# AIB rejects my complaint about simple interest, should I complain to the Financial Ombudsman?



## Greenbean (8 Apr 2021)

Hi , I've attached AIBs reply to my request for their final response in regard to this matter when i complained about how the interest was calculated after the ombudsman's ruling .   
 My case was put on hold with the ombudsman pending Aibs response on the matter . My case is v similar to Karens so I'm not sure if i will have any success but i am going to reactivate the case with the ombudsman . 

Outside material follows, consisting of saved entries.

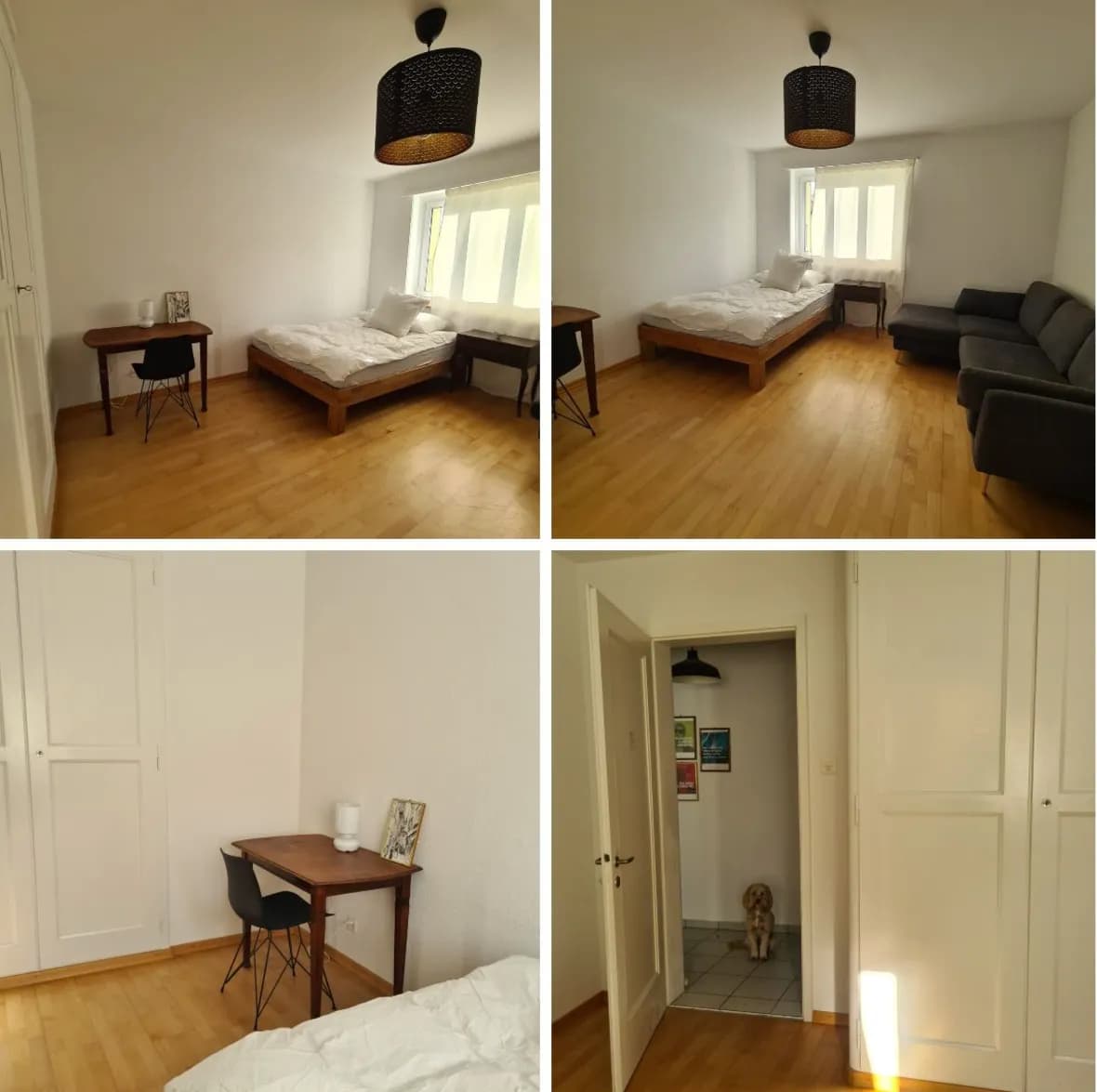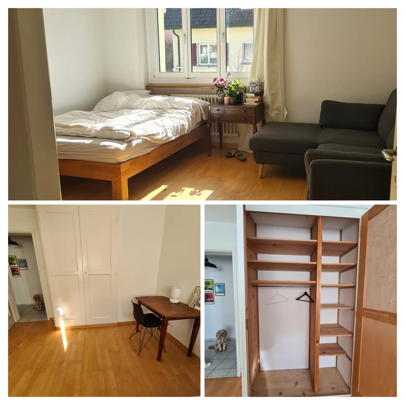 Liebe alle, ich vermiete ein ca. 16m² grosses Zimmer in einer 4.5-Zimmer-Wohnung in Köniz mit sehr guter ÖV-Anbindung (in 10 Min am Bahnhof Bern) für eine tolle, aufgeschlossene, unkomplizierte und tierliebe Person:)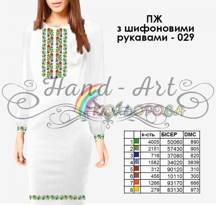 Заготовка під вишивку плаття жіночого з шифоновими рукавами. складається з п'яти відрізів тканини з запасом. Розміри матеріалу: два шифонові рукава (50см*75см) +/-2см,основа (120см*70см)+\-2см та манжети до рукавів(30см*40см)+\-2см.комплект входять шифонові рукави індентичні кольору вибраної Вами основи.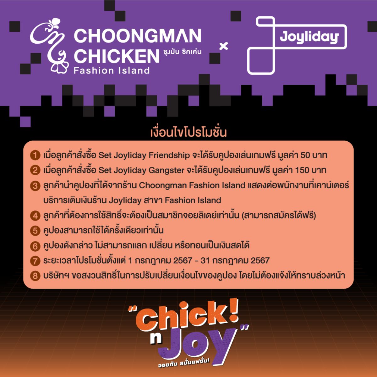 - เมื่อลูกค้าสั่งซื้อ Set Joyliday Friendship จะได้รับคูปองเล่นเกมฟรี มูลค่า 50 บาท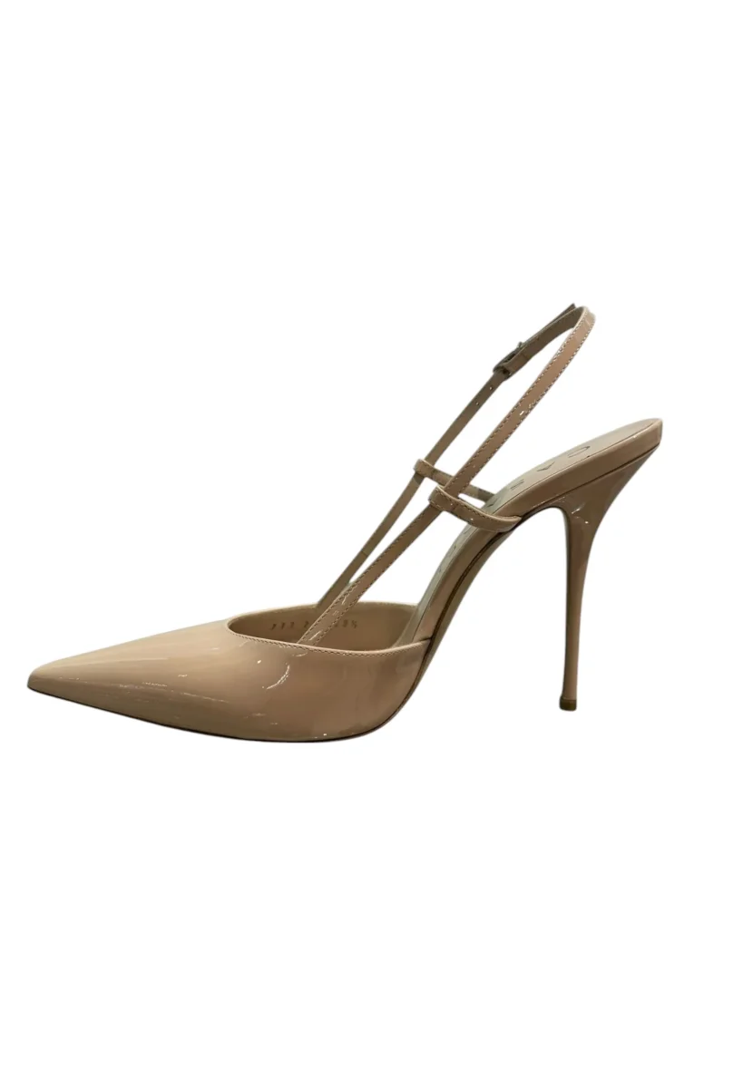 Décolleté chanel in vernice nude, fondo cuoio, altezza tacco 11cm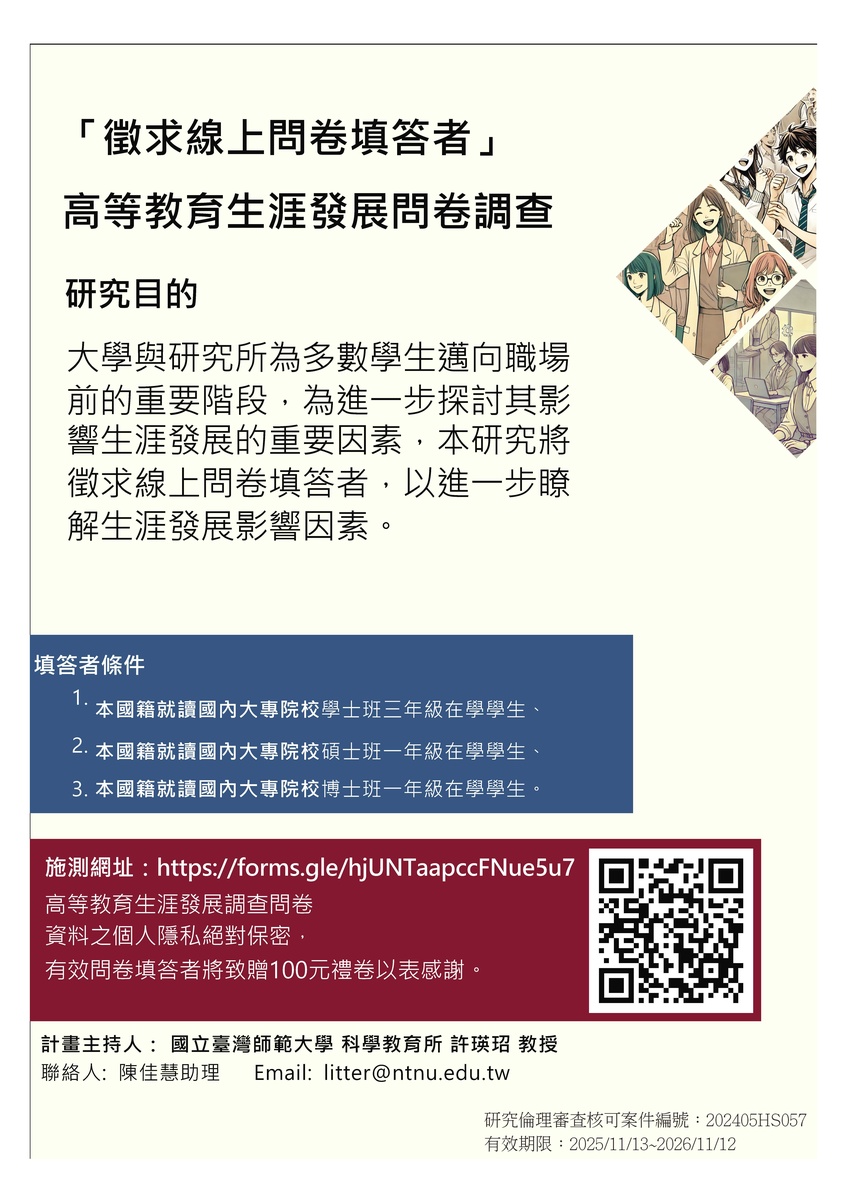 I. Professor Hsiu Ying-Shao from the Department of Science Education at our university is conducting a research project funded by the National Science and Technology Council, titled "Longitudinal Survey on Factors Influencing Career Development of Talent in STEM-Related Fields: A Study on Gender Differences." The purpose of this study is to explore the factors and their interrelationships that influence career development during the higher education stage. The research targets third-year undergraduate students, first-year master is students, and first-year doctoral students from domestic universities and colleges across all disciplines, including both STEM and non-STEM fields.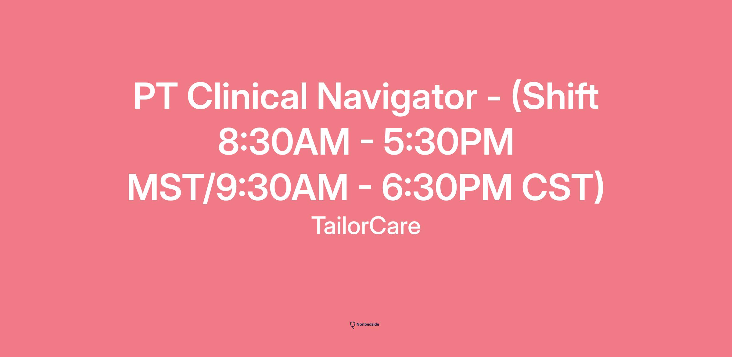 PT Clinical Navigator - (Shift 8:30AM - 5:30PM MST/9:30AM - 6:30PM CST)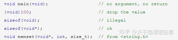void 严格来说不是一个类型,单独使用时表示“没有”,仅用于表示函数返回、函数参数和表达式。void指针仅表示数据地址,而无数据的类型信息,它取代了旧规范库中一些场合的char指针。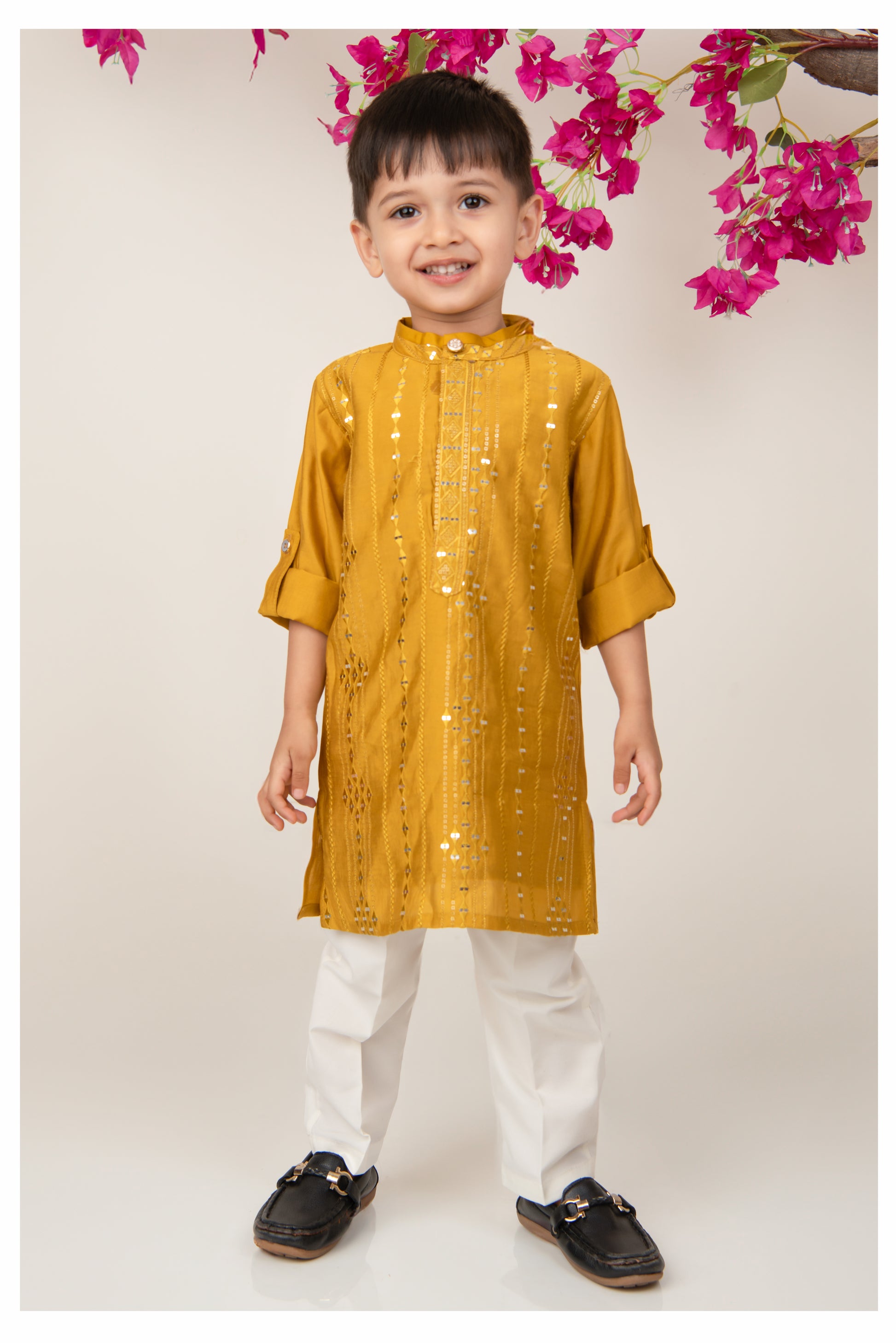This LITTLE COLLARS fashion-forward silhouette is timeless and aesthetically beautiful. An ideal piece for all Rakhi/Diwali/Ramadan/Indian parties and weddings! Elegant  Nehru jacket has beautiful sequins work and is paired with roman silk kurta and pajama set. This set is a perfect combination of opulence with comfort. The set can be worn without the jacket.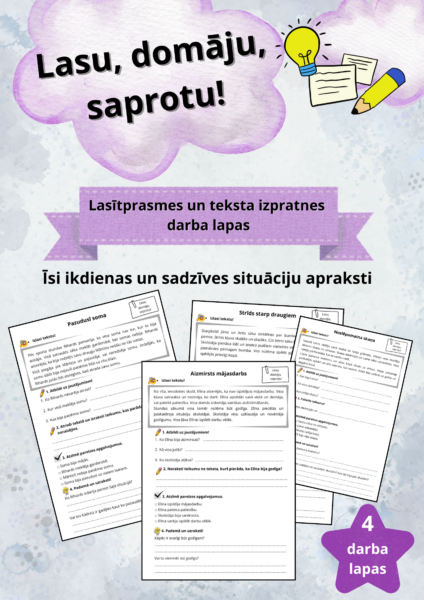 📖 Lasītprasmes un teksta izpratnes 4 darba lapas. Piemērotas 1. – 3. klases skolēniem.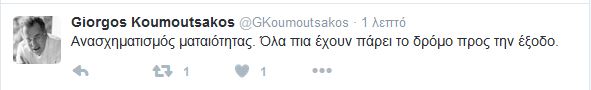 «Ανασχηματισμός ματαιότητας. Όλα πια έχουν πάρει το δρόμο τους. Προς την έξοδο» ανέφερε ο εκπρόσωπος Τύπου της Νέας Δημοκρατίας, Γιώργος Κουμουτσάκος στο Twitter, αναφερόμενος στις πολιτικές εξελίξεις.

My question is - can any of ye make sense of AiBs explanation in the first paragraph of the second page ? I have read it a number of times and i still cant understand it . Maybe someone who is more financially literate could offer their opinion on whether their explanation stands up / makes sense ?? Thanks


----------



## tnegun (8 Apr 2021)

It reads to me like they still don't accept the FSPOs ruling. _We would pay you interest that we never charged_ _you_ makes no sense. They refunded simple interest, I was never charged simple interest on my mortgage it was compound interest simple as.


----------



## Brendan Burgess (12 Apr 2021)

The reason you don't understand it, is because it doesn't make any sense at all.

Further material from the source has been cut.